A. That happened when I realized that you as a four-year-old focused on too much fantasy for the adult historical novel that I wanted to create. The younger you flew around with ZeeZee, a boy from outer space in an old school bus that your uncle had given Pa. You had a bunch of adventures and one day ZeeZee was careless and hit an old Model T with young people in it. One of them was killed. While all of this made for an interesting adventure, it didn’t move the mystery ahead, and it created a lot of dissonance in the book. It was okay for you to have imaginary friends but I had written scenes that would have worked much better in a children’s story book. So I kept the creative, imaginative part of you, but made you older with more logical abilities. You still saw dancers in the sky, and talked to ZeeZee and your Pottawatomi Indian friends, and had conversations with farm animals, but you also became part of the Sisters’ Club, attempting to unravel the mystery of the dead baby you discovered in the back woods.
Q. Tell me about how you created my parents, Ma and Pa.
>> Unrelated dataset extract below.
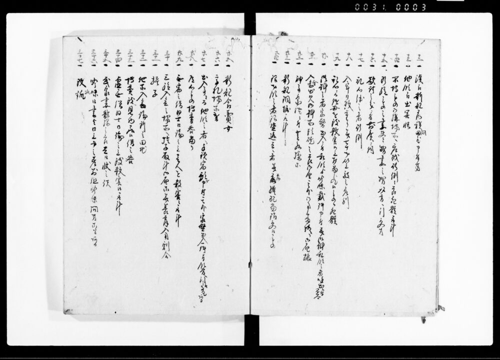 | 3 | ![]() | 90378460 | 三庁秘録 十七 十八 十九 Sanchō Hiroku, Vol. 17, Vol. 18, Vol. 19 (Collection of Inquiries and Directives between the Three Magistrates’ Offices and the Shōgunate) | [江戸時代] 17~19世紀 | 25.7cm x 19.3cm |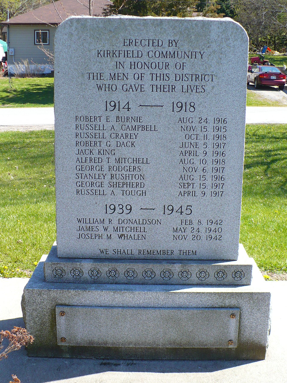 Érigé par la communauté de Kirkfield en juin 2000, ce mémorial est dédié à ceux qui sont morts durant les Première et Seconde Guerres mondiales.

A. It was 1934 during the height of the Great Depression and many farmers were losing their farms. No one know if and when the economy would get better, so I knew that Ma and Pa had to be hard-working, self-sacrificing, and dedicated to raising morally upright daughters. I also wanted them to have a strong religious faith, and impart that to you and your sisters. However, I didn’t want them to be unidimensional, so I added several quirks to your mother’s personality. First, because she lost her own mother at an early age, she didn’t quite have parenting down pat. She was superstitious and wouldn’t allow thirteen at a dinner table (one of my own grandmother’s superstitions). She was scared of Gypsies and worried that they stole children, and she thought that rumors should not be confronted—that they simply would go away. That didn’t work so well when you sister Flora was rumored to be the mother of the dead baby you discovered. You girls decided to take steps to figure out the mystery and clear your sister’s name.
Q. What part of the adventures did you enjoy most after you’d written it?
A. Well, I loved the barn fire scene. I rewrote that a few times. I also loved the scene where the train riders came and helped your sister Irene catch the food thief. I was so happy that Ma and Pa invited the train riders for Sunday dinner and shared stories under the shade of the maple tree after dinner. The scene where Irene sneaks away to the Camp Meeting is another one I enjoyed.
Q. Why did you write an Epilogue forty years later?
A. All three of you girls were so interesting in totally different ways. I wanted to depict how some elements of your personalities carried through to adult life. I also wanted to include some surprise twists. Just as in real life, events don’t always turn out like you expect. I’ll leave it at that, as I don’t want to include any spoilers.
Q. Was I your favorite character? Please, please say yes.
A. Of course you were, Nellie. Just don’t tell your sisters. It’s our secret.